Dalam pidatonya, Nasaruddin menyampaikan bagaimana Indonesia tumbuh sebagai bangsa majemuk yang berhasil menjadikan keragaman sebagai kekuatan. Dengan lebih dari 700 bahasa, 1.300 suku bangsa, enam agama resmi, dan ratusan kepercayaan lokal, Indonesia diibaratkan sebagai laboratorium hidup keberagaman.
“Tidak ada kebijakan strategis di Indonesia yang diambil tanpa mempertimbangkan nilai-nilai agama,” ujar Nasaruddin yang juga merupakan alumnus post-doktoral Georgetown University.
Ia menegaskan, konstitusi Indonesia menjamin kebebasan beragama, namun pelaksanaannya harus dilandasi tanggung jawab serta penghormatan terhadap hak orang lain. “Ini adalah wujud moderasi beragama di Indonesia,” tambahnya.
Dalam membangun generasi masa depan, Nasaruddin mengedepankan program Curriculum of Love, sebuah kurikulum pendidikan berbasis kasih sayang dan nilai-nilai kebangsaan.
“Kami menanamkan bahwa menjadi orang beragama berarti menjadi warga negara yang baik. Toleransi bukan berarti menyamakan semua agama, melainkan menghormati perbedaan dan membiarkan setiap orang menjalankan keyakinannya dengan bebas,” jelasnya.
Kurikulum ini juga menyentuh pentingnya merawat tradisi lokal sebagai ekspresi keberagamaan yang hidup dan terus berkembang.

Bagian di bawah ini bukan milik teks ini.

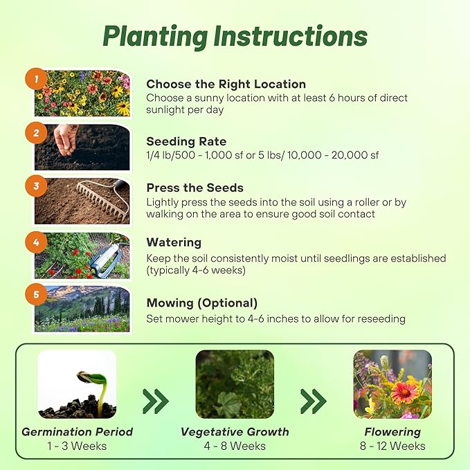 - SPRING PLANTING FOR OPTIMAL RESULTS: Plant our mountain wild flower seeds in the spring once soil temperatures reach 55°F. Keep the seeds moist through rainfall or irrigation until they germinate, promoting healthy growth and a vibrant display of wildflowers throughout the season.
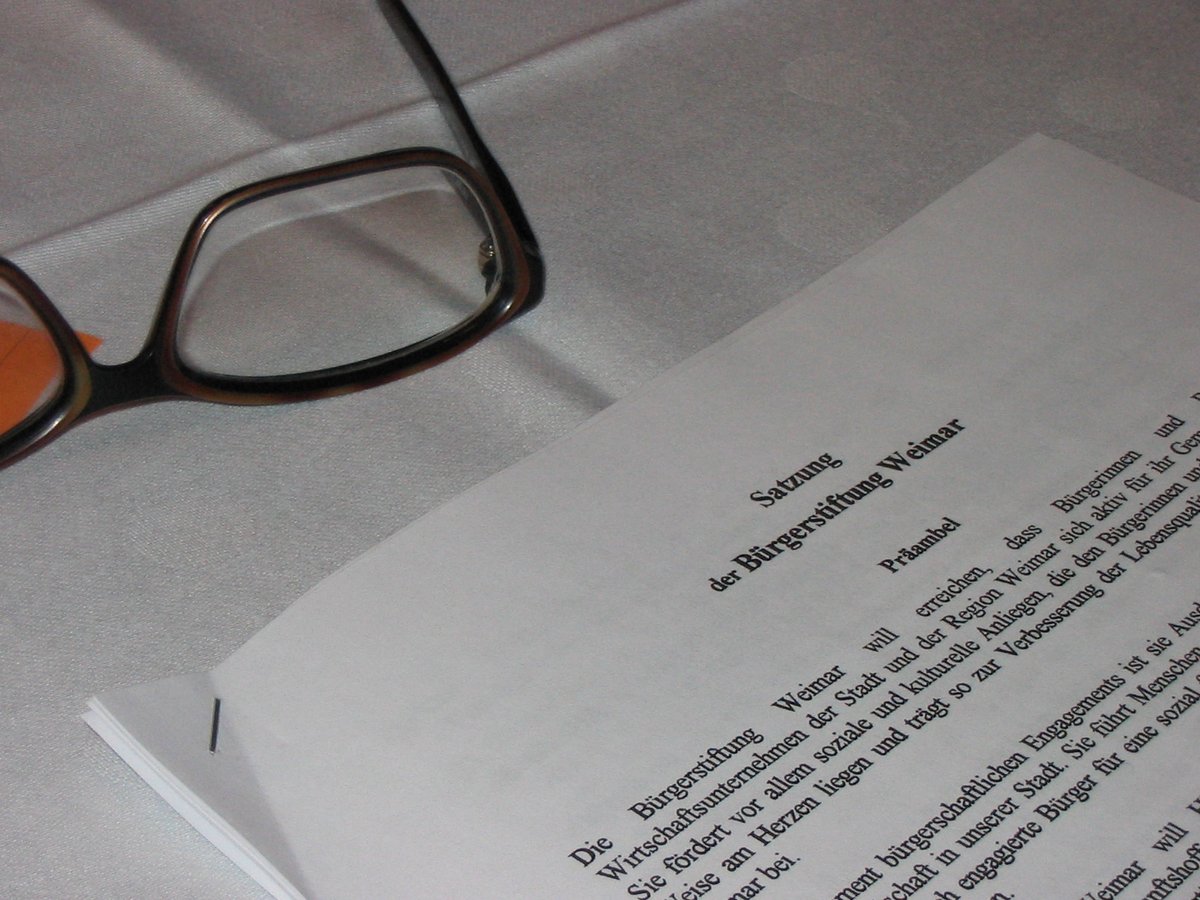 26 Stifter hoben am 24.1.04 im Rathaus die Bürgerstiftung Weimar aus der Taufe und ermutigen seit dem auch andere unter dem Motto "Spuren in die Zukunft legen", sich wirkungsvoll für ihre Stadt und ihre Menschen einzusetzen.
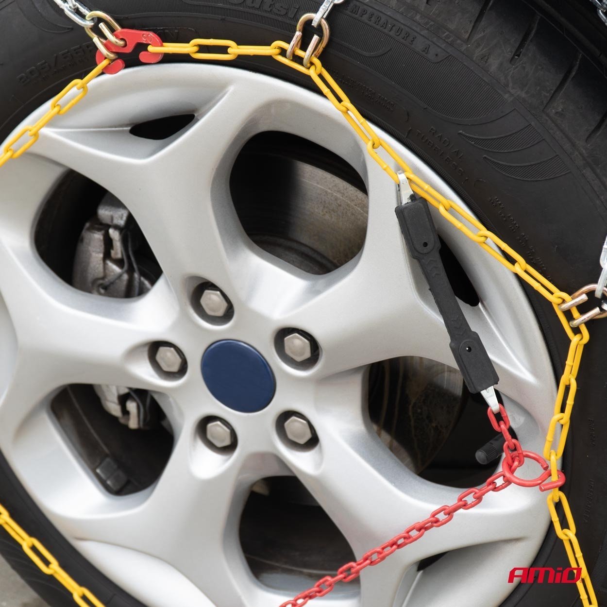 AMiO sneeuwkettingen KN130 zijn ideaal voor voertuigen tot 1800 kg en bieden uitstekende grip op besneeuwde en ijzige wegen. De kettingen zijn gemaakt van gehard staal met een asymmetrisch diamantvormig kettingpatroon, wat de grip van het wiel verbetert. De sterke schakels van 12 mm hoogte en het vierkante dwarsprofiel bieden een duurzame oplossing voor winterse rijomstandigheden.
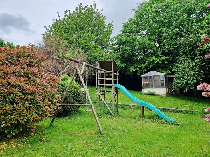 Cette maison se complète de 2 garages, de vastes greniers offrant d’intéressants volumes de rangement, une terrasse ainsi qu’un agréable jardin arboré avec serre, poulaillers et air de jeux pour apprécier de précieux moments de détente en contact direct avec la nature.
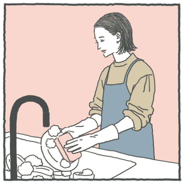 面倒でもやらなくてはいけないことに向かうとき、マインドフルに行うと決めてみてください。2、3回呼吸し、手をゆっくり動かしながら丁寧に汚れが流れていく様子などを感じます。集中力が高まるとマインドフルネスの効果が上がりハッピーに。

Gender, Lingkungan, dan Spiritualitas
Isu kesetaraan gender turut menjadi sorotan. Nasaruddin mengungkapkan bahwa pendekatan agama telah memberi ruang besar bagi kemajuan perempuan, terutama dalam pendidikan dan politik.
“Di Indonesia, tidak kurang dari 25 persen lembaga pendidikan dijalankan oleh organisasi keagamaan. Mereka menjadi garda depan dalam pemberdayaan perempuan,” tegasnya, menyebut gerakan perempuan di Indonesia sebagai salah satu yang paling progresif di dunia Islam.
Sementara itu, dalam isu lingkungan, ia memperkenalkan konsep ekoteologi—sebuah gagasan religius yang memadukan iman dan pelestarian alam.
“Menanam pohon adalah ibadah ekologis. Itu bentuk nyata dari cinta kepada Tuhan dan ciptaan-Nya,” ungkap Nasruddin.
Melalui program penanaman pohon di sekolah, kantor, dan rumah ibadah, Kementerian Agama mendorong generasi muda, termasuk siswa madrasah dan santri, untuk memiliki kesadaran ekologis sejak dini.
Sebagai penutup, Nasaruddin menyampaikan seruan yang menyentuh, mengutip ayat Al-Qur’an yang menyerukan keselamatan bagi seluruh umat beriman.
“Kita semua adalah pewaris agama Abrahamik. Mari bekerja sama menjadikan dunia ini lebih baik,” tutupnya.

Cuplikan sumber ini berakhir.